Black market in kidneys

Black market in kidneys
Highlights

Black market in kidneys. If one visits the Thanda Basti in Medak, the memories of kidney racket are fresh. In 2012, Yadgiri, a rickshaw puller, was offered Rs 5 lakh for one of his kidneys.

If one visits the Thanda Basti in Medak, the memories of kidney racket are fresh. In 2012, Yadgiri, a rickshaw puller, was offered Rs 5 lakh for one of his kidneys. He was given an advance of Rs 1 lakh. After donating the kidney when Yadgiri demanded the rest of the money he was shown the way. Feeling deceived, he approached the Panjagutta police station. Yadgiri was not the only one who donated his kidney. He persuaded his three friends and they too were cheated after being paid meagre amounts. According to sources in the police, as many as 230 people in Medak district sold their kidneys in the last few years.
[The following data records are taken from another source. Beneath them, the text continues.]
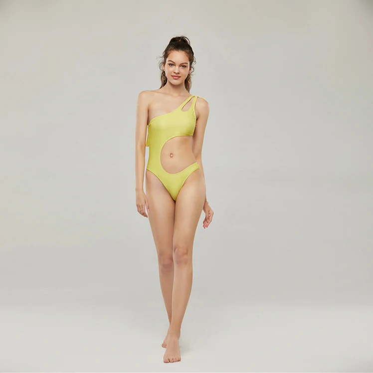 One Piece Swim Brief Women Plaid Pattern Quick Dry Anti-Uv Yellow Swimwear for Young Teen
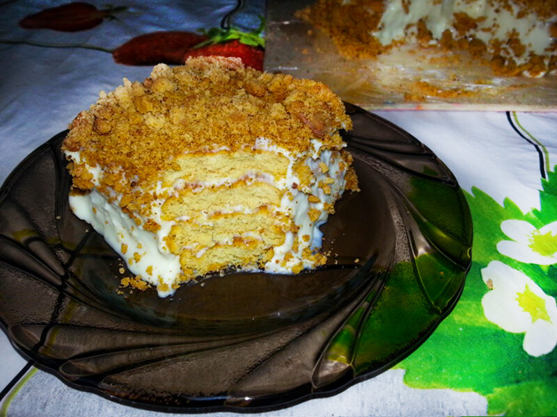 · сгущенное молоко – 1\2 банки; Обратите внимание! Если в наличии нет сгущенного молока, крем делаем из сметаны (20%) и сахара (около стакана). Пошаговый рецепт торта без выпечки с печеньем Способ приготовления: 1. Смешиваем творог со сгущенным молоком. 2. Взбиваем: для ускорения процесса используем блендер. Но если его нет, подойдет и ручной миксер. 3. Количество печенья выкладываем столько, сколько порций требуется. В нашем случае – 6. 4. Выкладываем печенье слоями, промазывая каждый слой кремом. При этом первый слой печенья промазываем с обеих сторон. 5. Завершив промазывание, посыпаем торт крошкой из печенья. 6. Вот такой
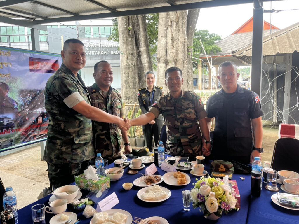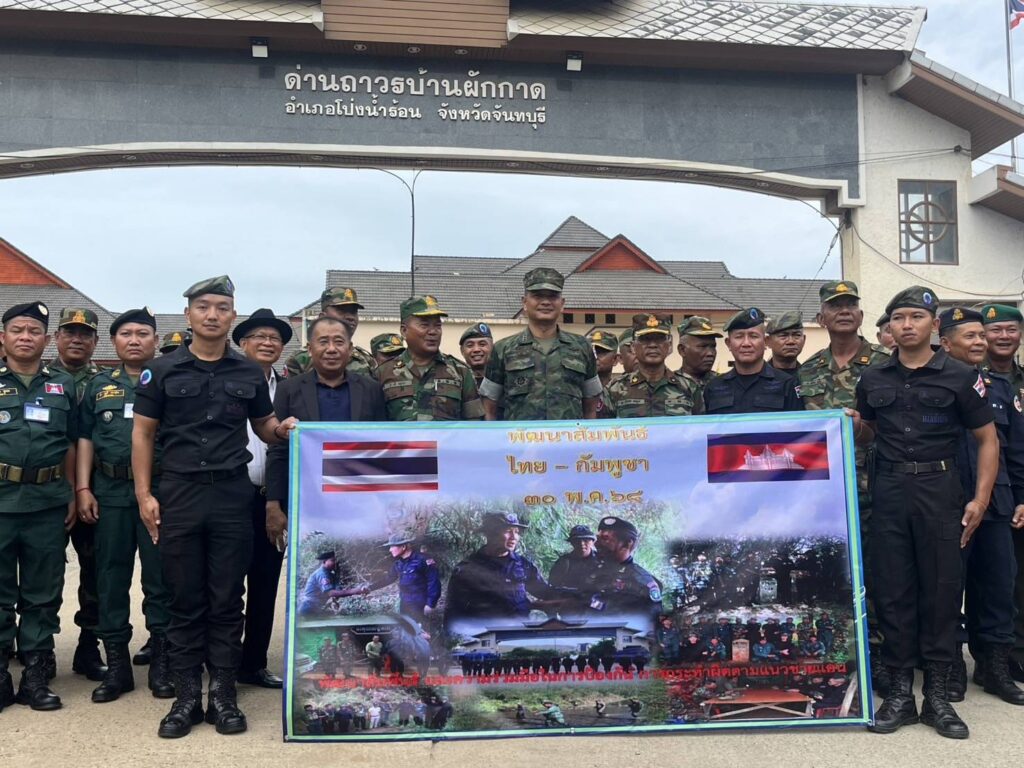 สำหรับสถานการณ์ชายแดนไทย-กัมพูชา ทางด้านชายแดนภาคตะวันออก เมื่อวันที่ 30 พฤษภาคม 2568 เวลา 07:30 น. ที่ผ่านมา ผู้สื่อข่าวรายงานความเคลื่อนไหวว่า บริเวณพรมแดนด่านถาวรบ้านผักกาด ตำบลคลองใหญ่ อำเภอโป่งน้ำร้อน จังหวัดจันทบุรี ซึ่งเป็น 1 ใน 5 จุดผ่านแดนถาวรระหว่างประเทศ อยู่ตรงข้ามกับบ้านปรม อำเภอศารากราว จังหวัดไพลิน ของกัมพูชา เจ้าหน้าที่ทหารฝ่ายไทย และกัมพูชา ถือโอกาสตั้งโต๊ะดื่มกาแฟ รับประทานอาหารเช้าร่วมกัน เพื่อยกระดับความสัมพันธ์ชายแดนจันทบุรี-กัมพูชา ให้แนบแน่น เป็นการลดการตึงเครียดจากกระแสข่าวที่เกิดขึ้น ที่บริเวณชายแดนช่องบก
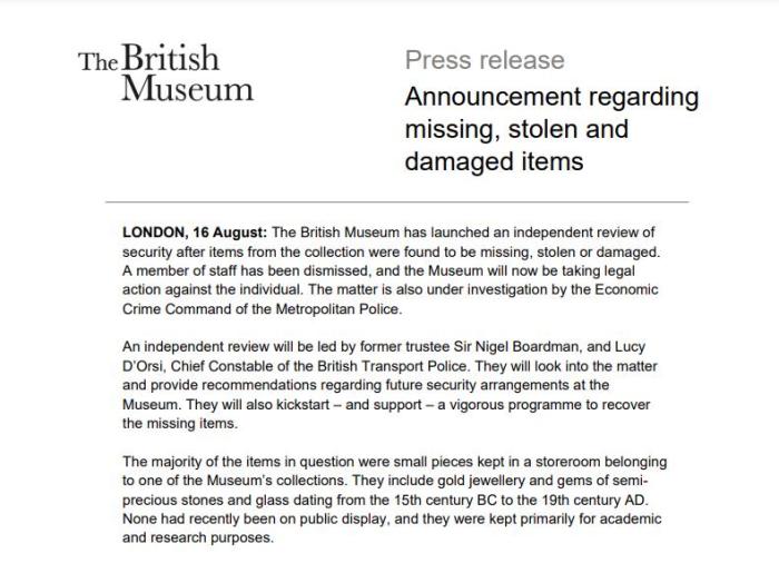 奧斯本稱,“對于所有熱愛大英博物館的人來說,這是悲傷的一天,但我們決心糾正錯(cuò)誤,并利用這次經(jīng)驗(yàn)來建設(shè)一個(gè)更強(qiáng)大的博物館?!?/p>
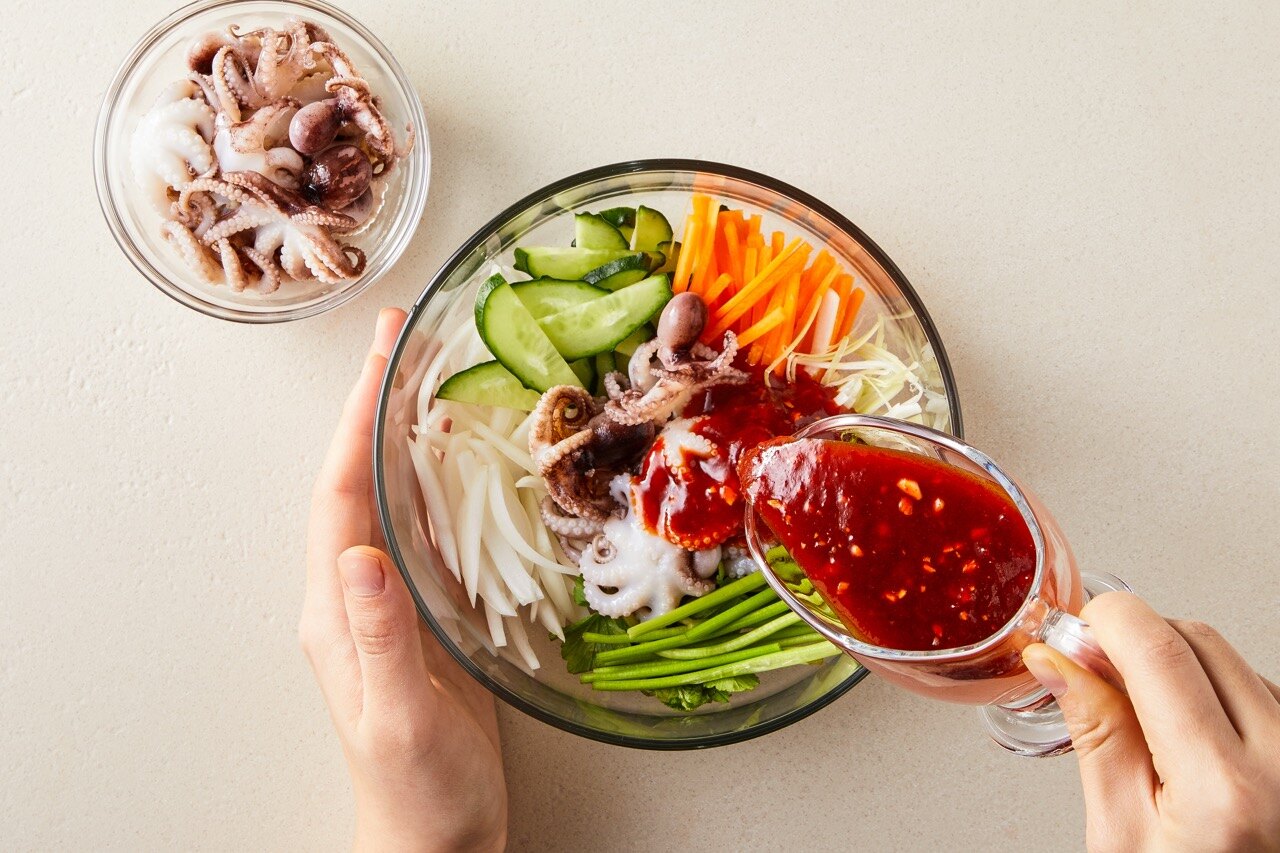 데친 주꾸미와 썰어둔 채소, 양념장을 잘 버무려 주세요.

Exploiting desperate patients in need of immediate kidney transplant and healthy individuals caught in financial hardships, an international organ trafficking mafia is luring people into buying and selling kidneys for huge amounts.
This is what exactly happened where three people were arrested on Tuesday from the state for the death of a city dweller who was lured to Sri Lanka on the pretext of a job.
A few years back, Hyderabad emerged as the kidney transplant capital of India though the racket flourished in other cities too. Brokers or middlemen, who worked in collusion with government and private hospitals, usually never paid the promised amount to illiterate donors. What was worse is that doctors and brokers often removed a ‘donor’s’ kidney without his or her consent or knowledge.
Those familiar with the kidney trade in the city say that it is easy to get a kidney if one is willing to spend a few lakh rupees. The rich are ready to pay even up to Rs 20 lakh and if it is an emergency, would be ready to shell out Rs 10 lakh more. All one needs to do is to get admitted in one of the government registered hospitals that performs kidney transplants and rent a house near the hospital. Brokers and hospital assistants take care of the rest. On January 19, 34-year-old Mallika from Chintal Basti lodged a complaint with the police against a broker who she said had refused to pay her the promised Rs 3 lakh for her kidney. She said she was only paid Rs 30,000. Many like Mallika were forced to sell their kidney so that they could repay their debts and she in fact had given names of 8 to 10 people in her area who were neck deep in debt.
Kidney failure has become more common in rich countries, often because of obesity. In ‘transplant tourism’, the rich pay thousands of dollars to receive kidneys from poor countries, where payments are typically more than $1000 in the black market. Illegal transplants are not new in India.
Hemanth Shah, a 20-year old college student suffering from an end-stage renal disease, was in desperate need of a kidney transplant. Though his parents went from pillar to post, they could not find a donor for him in the city and Hemanth died last month.
Experts say this is not an isolated case. Hundreds of people in need of organ transplants cannot be saved every year because of lack of donors.
According to Hrudyanath, PRO at NIMS, “The donor scene in India is still dismal despite amendments to the law which the government passed in 2008. The amendments to the Transplantation of Human Organs Act (THOA), 1994, was passed following the unearthing of a thriving kidney donation racket in northern India.”
In India, organ donation is very poor. In western countries, more than 70 per cent pledge their organs. “We need to rope in religious leaders to make people aware of the need for organ donation. People have a weird thinking like whichever organ you donate, in the next life you will be born without that,” says a social worker at Mohan Foundation.
Another major problem is that in India, brain death itself is not recognised by many people.
“People think if the heart is beating, a person has to be alive which makes it difficult for us to harvest organs,” says Dr Anand Agarwal, a cardiologist at Narayana Hrudyalaya.
An organ is sold an hour- according to the The World Health Organisation. It clearly condemns all forms of illegal organ trade and has detailed that over 10,000 black market operations take place every year. Kidney trade amounts to 75 per cent of all illegal organ trades, according to the report.
The UK’s Guardian newspaper details that many foreigners who would go to China, India or Pakistan for surgery, pay up to $ 200,000 for a kidney to gangs who harvest organs from vulnerable, desperate people, sometimes for as little as $5,000.
However, there still exists a ‘huge disparity’ between demand and supply of organs for transplant which continues to promote a black market in kidneys, say doctors.
Highlighting the bleak scenario, a health ministry official who did not want to be named said, "Only five kidneys are available for every 100 patients suffering from end-stage renal failure in the country."
The problem lies, according to him, in the fact that cadaver organ transplant has not taken off in India. Cadaver transplant is when the organs of brain dead people are harvested for transplantation.
Dr Ramesh Ramaiah, a leading urologist, said, “The government as well as hospitals need to have better regulatory mechanisms to ensure patients don't fall into such traps.”